When you type an identifier in a Clang-powered IDE and request code completion, what happens is that the IDE calls on Clang to parse the file up to the point where code completion is requested, and Clang will return a list of possible completions, which the IDE then displays. In order to be useful, this has to be fast. If you’ve developed with Visual Studio, I’m sure you’re familiar with how disrupting the delay in IntelliSense’s reaction can be. If the project gets big and complicated, IntelliSense often becomes unusable simply because it takes several seconds to pop up.

If you have to wait for Clang to parse your entire source file, including all the headers, you’re going to wait just as long, especially for a complicated C++ project. The main way to speed this up is precompiled headers. Compile the headers first, then just load the binary format when you need to reparse the file. However, PCHs typically have to be configured. You take a set of headers that is common to your project and rarely changes (because rebuilding PCHs is slow) and tell the compiler to use it. But that still leaves the project-specific headers to be reparsed.

So Clang has another feature, called the precompiled preamble (PCP). Basically, Clang will look at a source file, decide where the include directives for the file end (the preamble) and automatically build a PCH from that, which it will use when it needs to reparse the file. (I think the C API has ReparseTranslationUnit for this.) Once the preamble is built (which should happen once when the file is opened in the IDE), Clang only needs to reparse the actual source file, which can be done in less than a second usually, especially if the PCP is kept in memory.
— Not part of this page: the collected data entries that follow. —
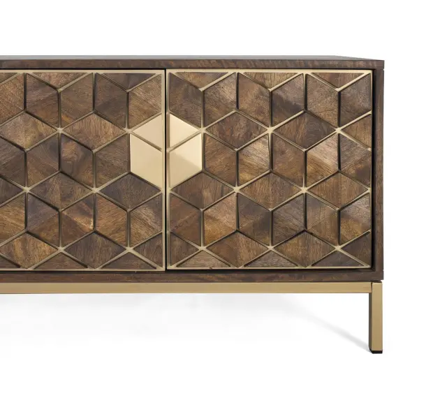 TV omarica s 4 vrati iz mangovega lesa in kovinskim podnožjem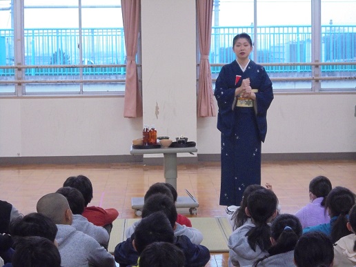 茶道の歴史や作法を講師から教えていただき、子供たちは「そうだったんだ。」「なるほど。」と楽しみながら聞いていました。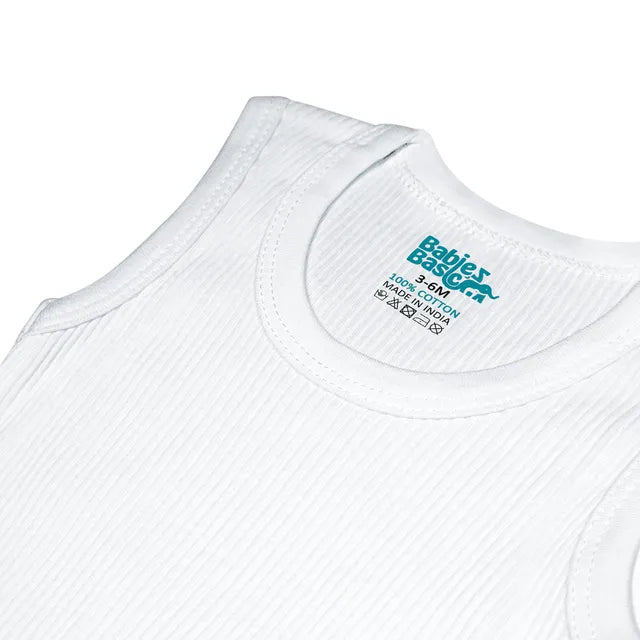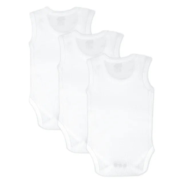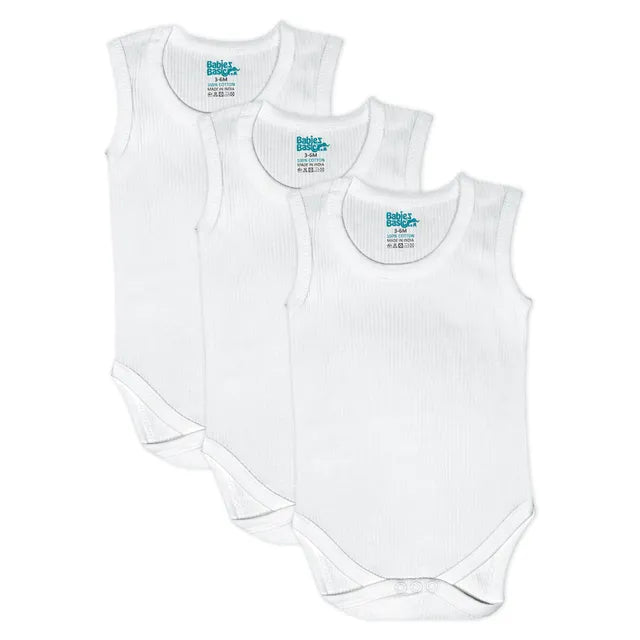 Babies Basic Cotton Sleeveless Striped Bodysuit - White - Set of 3
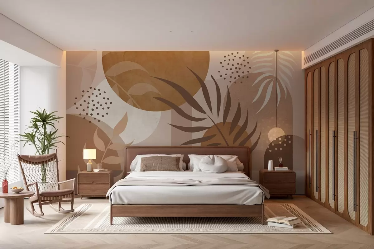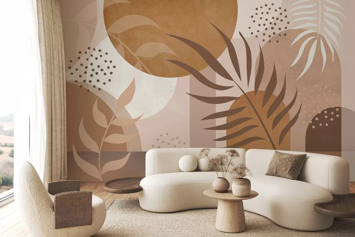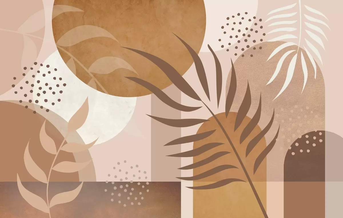 Murais de parede Abstração contemporânea com plantas em tons de castanho e bege Nr. w04497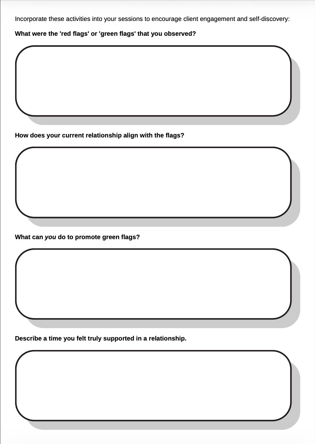 Designed for therapeutic use or personal reflection, this resource encourages insight without judgment. It supports clients in recognizing behavioral patterns, exploring beliefs about relationships, and strengthening their ability to make intentional, values-aligned decisions moving forward.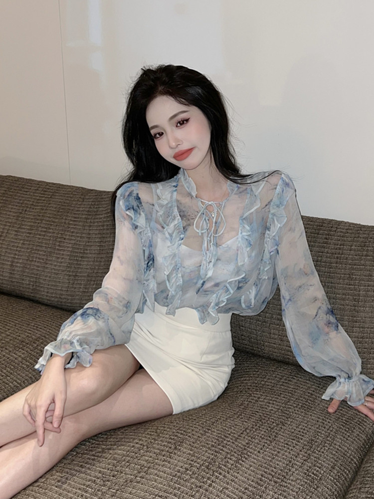Весенняя сексуальная рубашка, французский стиль, цветочный принт, рукава фонарики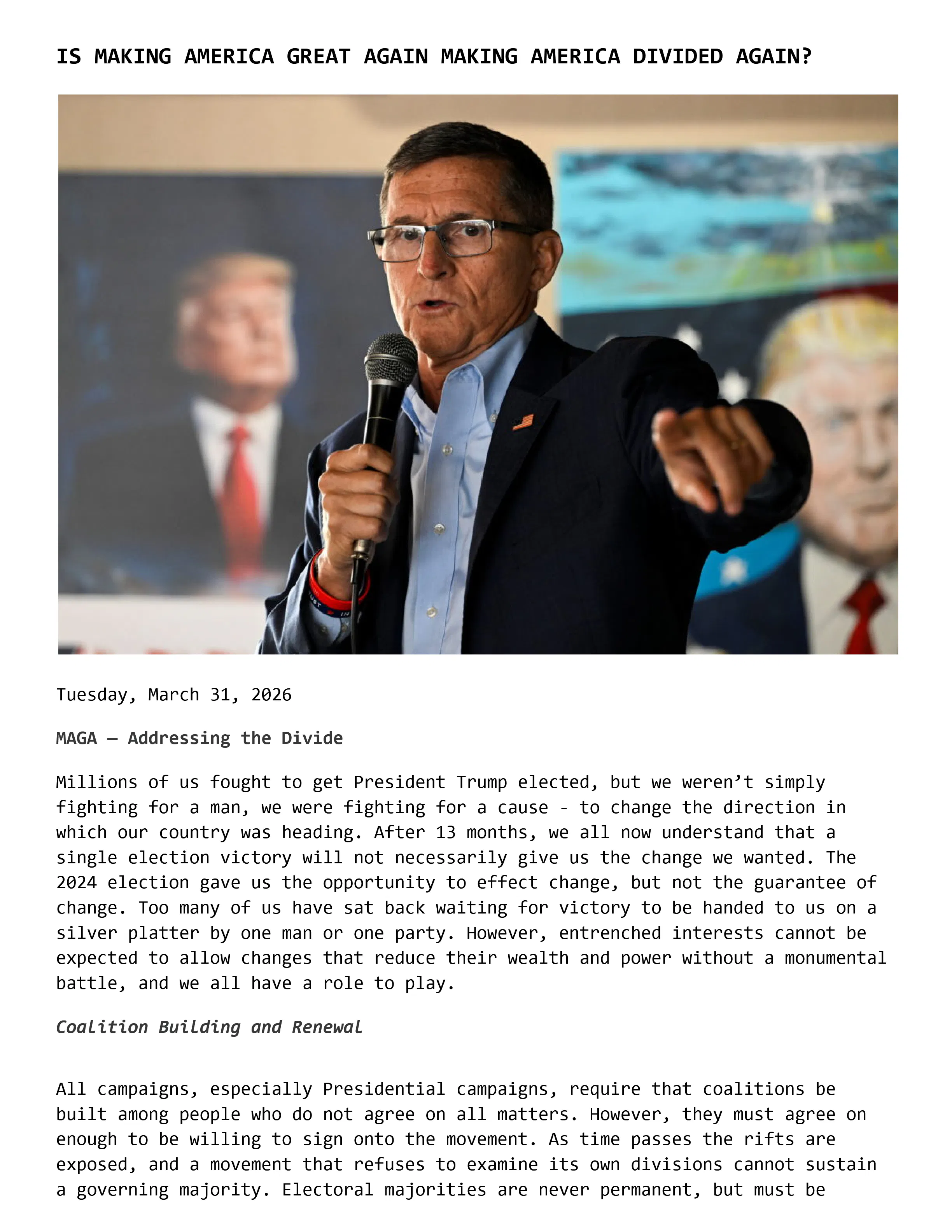 IS MAKING AMERICA GREAT AGAIN MAKING AMERICA DIVIDED AGAIN?

The downside of this approach is that it takes a long time to do the initial compiling of the preamble when you open the file. It would be a lot faster if you had a PCH of all the third party headers and just combined it with the file-specific part of the preamble into a PCP. And Clang used to be able to do that. You could use a PCH and it would load it completely (PCHs are usually loaded lazily by Clang), parse the new parts, and create a new PCH consisting of the combination. This is faster than reparsing everything, but it is still not fast enough (fully loading a PCH isn’t very fast and needs a lot of memory), and each resulting PCP is rather big (tens of megabytes if not more), which is a problem if you want to keep all the PCPs for your open files (and I know enough programmers who keep dozens of files open) in memory for fast access.

Enter chained PCH. You take your big third party library PCH as the primary. You created a diff for the rest of the preamble, which is usually nice and small (maybe a megabyte), and fast to create (because you only load the parts of the PCH that you need). You have one big block and a multitude of small blocks that reference it in memory, you have fast loading, fast parsing, and all-around goodness.

As a side effect, the work on chained PCH made the PCH system more flexible and was thus the first step towards the true module system being developed in Clang.

Sebastian

Thank you for the extensive explanation you gave. This and a live chat with Doug helped me much!